How do the lines below between the ones holding "Пряжа для вязания" and "فرآیند برگزاری امتحانات", inclusive, read? Give them again exactly, with no other lines.

◆ **Source material**
════════
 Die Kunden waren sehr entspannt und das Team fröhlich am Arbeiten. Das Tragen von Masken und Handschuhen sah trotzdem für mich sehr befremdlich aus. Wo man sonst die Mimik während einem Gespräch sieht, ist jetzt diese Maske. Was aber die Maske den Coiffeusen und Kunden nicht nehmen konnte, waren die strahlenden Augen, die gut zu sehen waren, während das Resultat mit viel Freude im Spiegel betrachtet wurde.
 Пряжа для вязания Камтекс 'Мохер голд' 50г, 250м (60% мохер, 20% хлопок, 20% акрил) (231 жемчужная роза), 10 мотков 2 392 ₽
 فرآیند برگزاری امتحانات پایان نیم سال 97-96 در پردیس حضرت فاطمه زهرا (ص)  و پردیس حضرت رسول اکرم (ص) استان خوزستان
════════
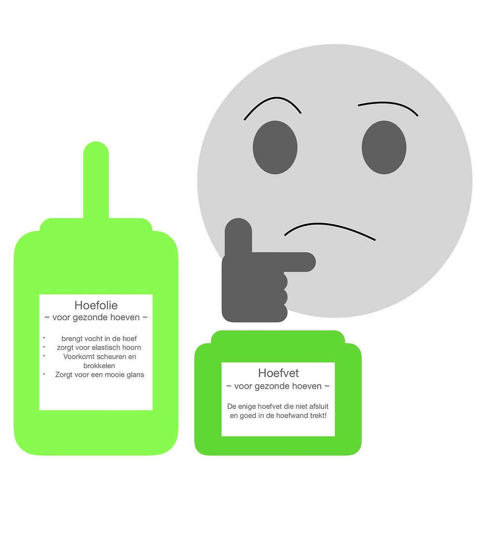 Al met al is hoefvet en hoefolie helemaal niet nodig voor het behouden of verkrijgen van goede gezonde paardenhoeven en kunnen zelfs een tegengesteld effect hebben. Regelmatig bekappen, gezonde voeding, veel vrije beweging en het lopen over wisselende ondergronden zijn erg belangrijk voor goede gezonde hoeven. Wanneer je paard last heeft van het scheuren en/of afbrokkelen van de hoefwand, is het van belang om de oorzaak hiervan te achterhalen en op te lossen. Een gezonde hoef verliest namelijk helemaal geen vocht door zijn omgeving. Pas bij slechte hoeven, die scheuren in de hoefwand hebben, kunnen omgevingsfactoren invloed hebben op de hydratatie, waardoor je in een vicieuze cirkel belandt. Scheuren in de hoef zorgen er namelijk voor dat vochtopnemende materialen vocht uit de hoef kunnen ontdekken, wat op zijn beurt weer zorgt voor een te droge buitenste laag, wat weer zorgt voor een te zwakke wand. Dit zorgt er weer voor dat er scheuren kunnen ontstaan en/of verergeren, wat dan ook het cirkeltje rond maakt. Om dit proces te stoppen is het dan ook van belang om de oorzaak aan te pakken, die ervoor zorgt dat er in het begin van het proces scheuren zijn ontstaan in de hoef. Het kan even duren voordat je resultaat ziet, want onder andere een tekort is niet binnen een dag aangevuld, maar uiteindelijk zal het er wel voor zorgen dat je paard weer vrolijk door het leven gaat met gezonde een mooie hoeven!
════════
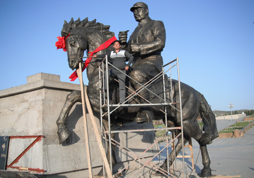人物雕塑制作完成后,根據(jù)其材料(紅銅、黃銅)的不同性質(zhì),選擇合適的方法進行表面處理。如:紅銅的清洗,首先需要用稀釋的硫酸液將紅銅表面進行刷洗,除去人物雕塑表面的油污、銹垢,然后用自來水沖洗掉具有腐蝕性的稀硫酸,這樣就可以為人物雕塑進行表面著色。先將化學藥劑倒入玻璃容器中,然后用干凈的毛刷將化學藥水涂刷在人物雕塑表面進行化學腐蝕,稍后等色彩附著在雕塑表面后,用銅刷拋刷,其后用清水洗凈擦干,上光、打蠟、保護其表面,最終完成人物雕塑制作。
════════
◆ **Answer for the task**
 Пряжа для вязания Камтекс 'Мохер голд' 50г, 250м (60% мохер, 20% хлопок, 20% акрил) (231 жемчужная роза), 10 мотков 2 392 ₽
 فرآیند برگزاری امتحانات پایان نیم سال 97-96 در پردیس حضرت فاطمه زهرا (ص)  و پردیس حضرت رسول اکرم (ص) استان خوزستان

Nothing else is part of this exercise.